The motivation for content distributors like Apple, Google, Amazon.com, Inc. (NASDAQ:AMZN) of such a system is that it would increase the number of transactions hosted by the distributors’ servers, and presumably boost revenues through the added transaction fees. And of course, the content providers would get their cut as well. You may wonder if this is just a glorified form of renting. It is, but it’s more flexible in that it allows consumers to pay proportionally to their actual usage.
Last quarter, Apple generated about $3.7 billion in revenue from iTunes and App Store sales, up 22% year-over-year, and Google generated about $800 million from Google Play, up over 100% year-over-year. For all of 2012, Amazon generated about $20 billion in media revenues, up 15% year-over-year. In all three, the exact amount of revenue from digital content is unknown, but it’s apparent that it’s a growing business for all three companies.
Legal monkey wrench
Even though content creators are protected by copyright law and the contract law behind licensing, every once in a while they’re dealt a blow by the American legal system. In a recent case decided on March 19 of this year, the court sided with Supap Kirtsaeng in Kirtsaeng v. John Wiley & Sons, Inc. Kirtsaeng had created a lucrative business importing used textbooks into the United States, and Wiley tried to put a stop to it. The Court upheld Kirtsaeng’s right of first sale, which means that once a copyrighted work is purchased, the work can legally be resold without obligation to the copyright holder. Copyright law only bans unauthorized duplication and sale of the copyrighted work.

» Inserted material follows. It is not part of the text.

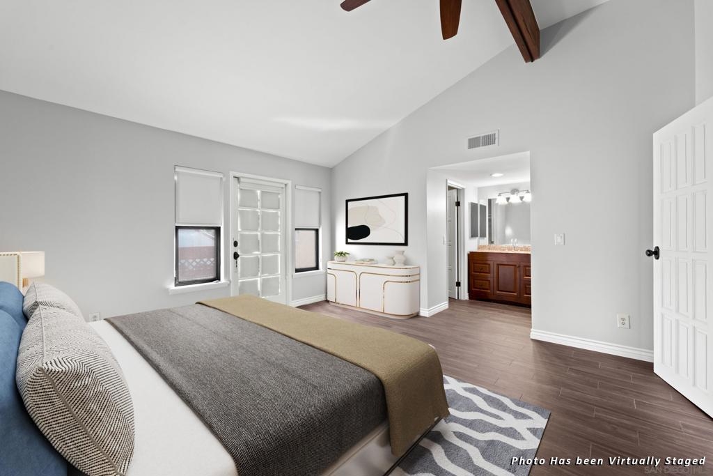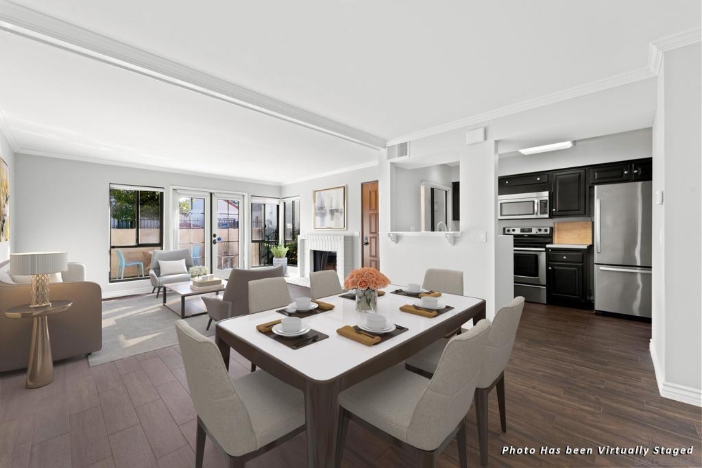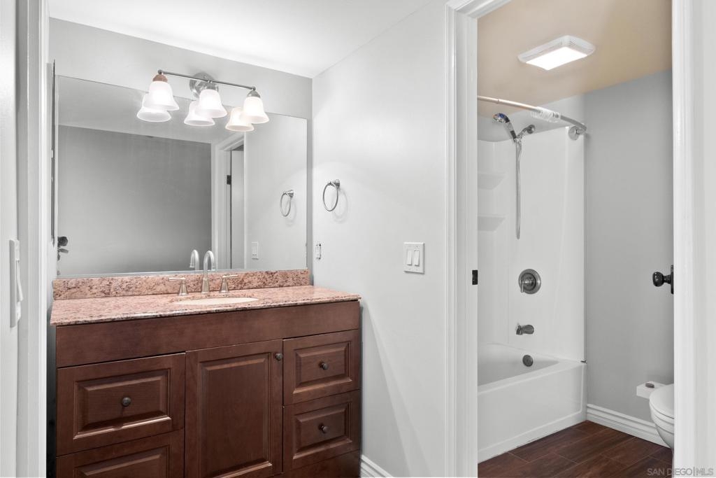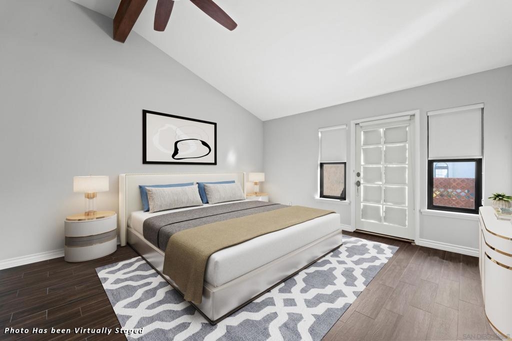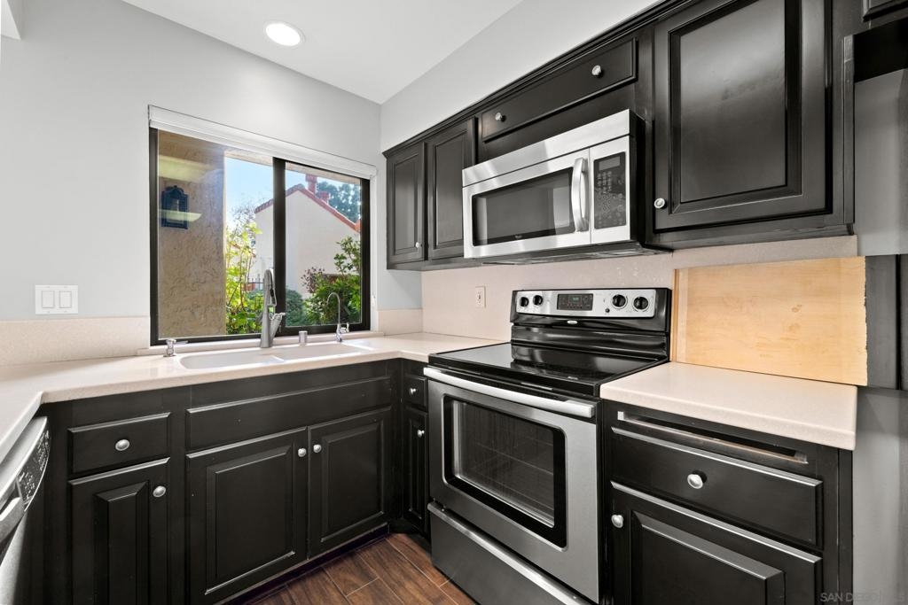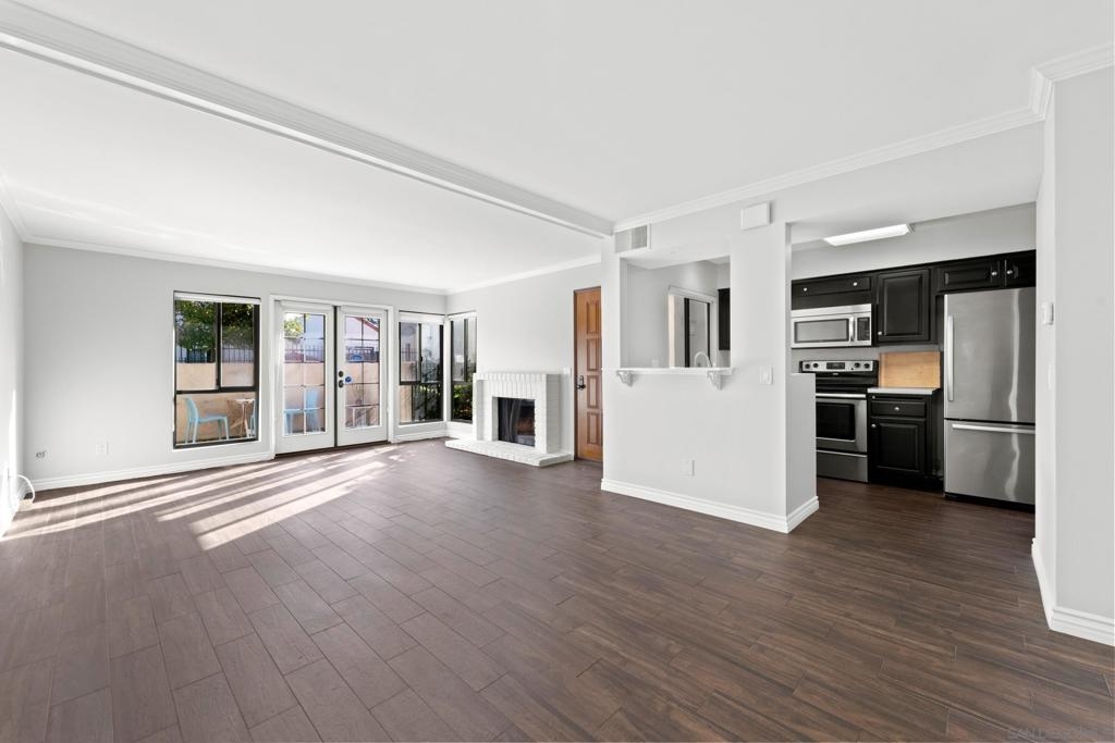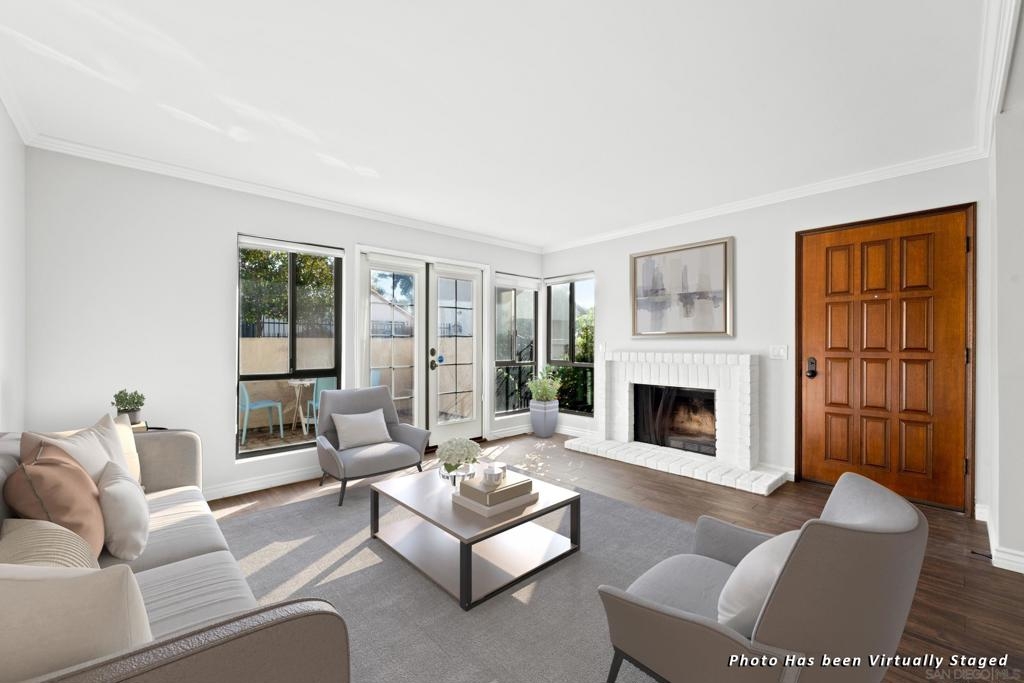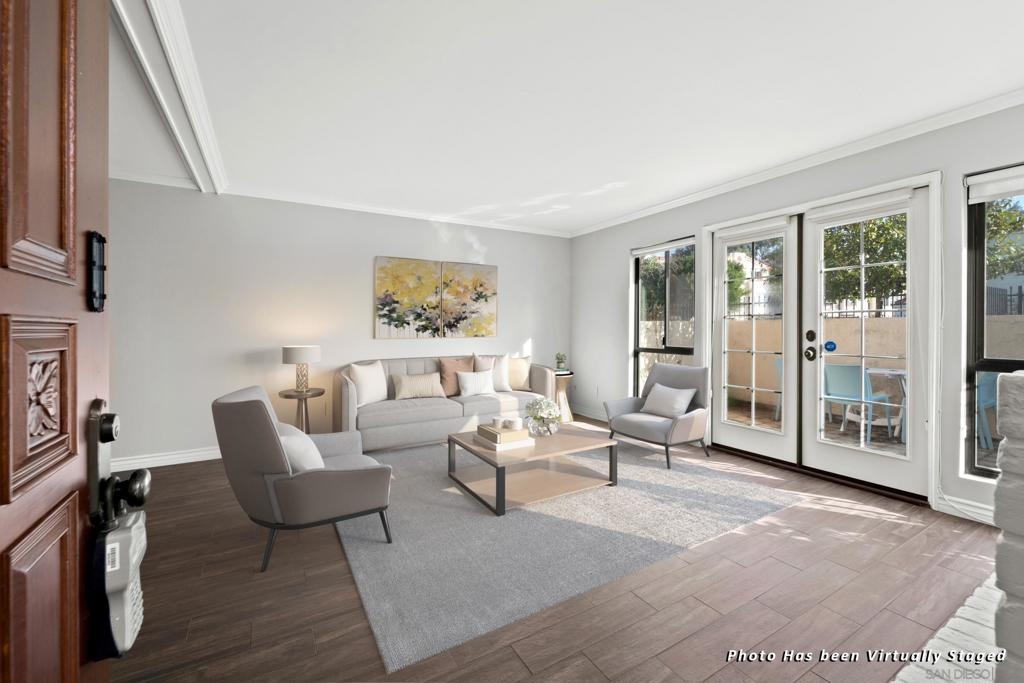 Highly desirable La Mesa Daybreak community home, located in one of the most desirable complexes in La Mesa! Remodeled kitchen with solid-surface counter tops and all stainless-steel appliances that convey. Ceramic plank wood flooring throughout with crown molding downstairs, no popcorn ceilings and quality window coverings throughout. Cozy brick fireplace in living room, with French doors leading to one of your two private patios. Master has its own walk-in closet and a private patio that includes a storage closet. Vaulted ceilings in all bedrooms. HVAC for warm summer days and cool winter nights. There is an attached 2-car garage including washer and dryer that convey. Also included is one assigned parking space as well as plenty of visitor parking. Well-kept grounds with sparkling pool and spa for swimming, lounging or to just get your feet wet on a warm day! Lake Murray is across the street and everything else is within walking distance. Reasonable $330/month HOA dues in this pet friendly community cover trash pick-up and exterior & common grounds maintenance. Daybreak's ideal location provides quick access to the I-8 freeway, making it easy to commute to downtown San Diego, SDSU, Grossmont College, Mission Trails Regional Park, Costco and Grossmont Hospital. Grocery stores and public transportation are within walking distance, adding to the convenience of living in this fantastic area of La Mesa. Wonderful place to call home and so convenient to anywhere you need to get to!

If the U.S. court system ever decided that digital content consumers should be accorded a similar right of first sale, the contemplated online markets for “used” content would be the ideal way (from the content creators’ standpoint) to accommodate that right while blocking illicit replication of the digital content. The U.S. courts would probably see that as a suitable solution that protects the rights of all concerned. Thus, companies such as Amazon.com, Inc. (NASDAQ:AMZN) and Apple may be pursuing these digital marketplaces as a kind of insurance against any legal monkey wrench that might be hurled into their burgeoning digital content businesses.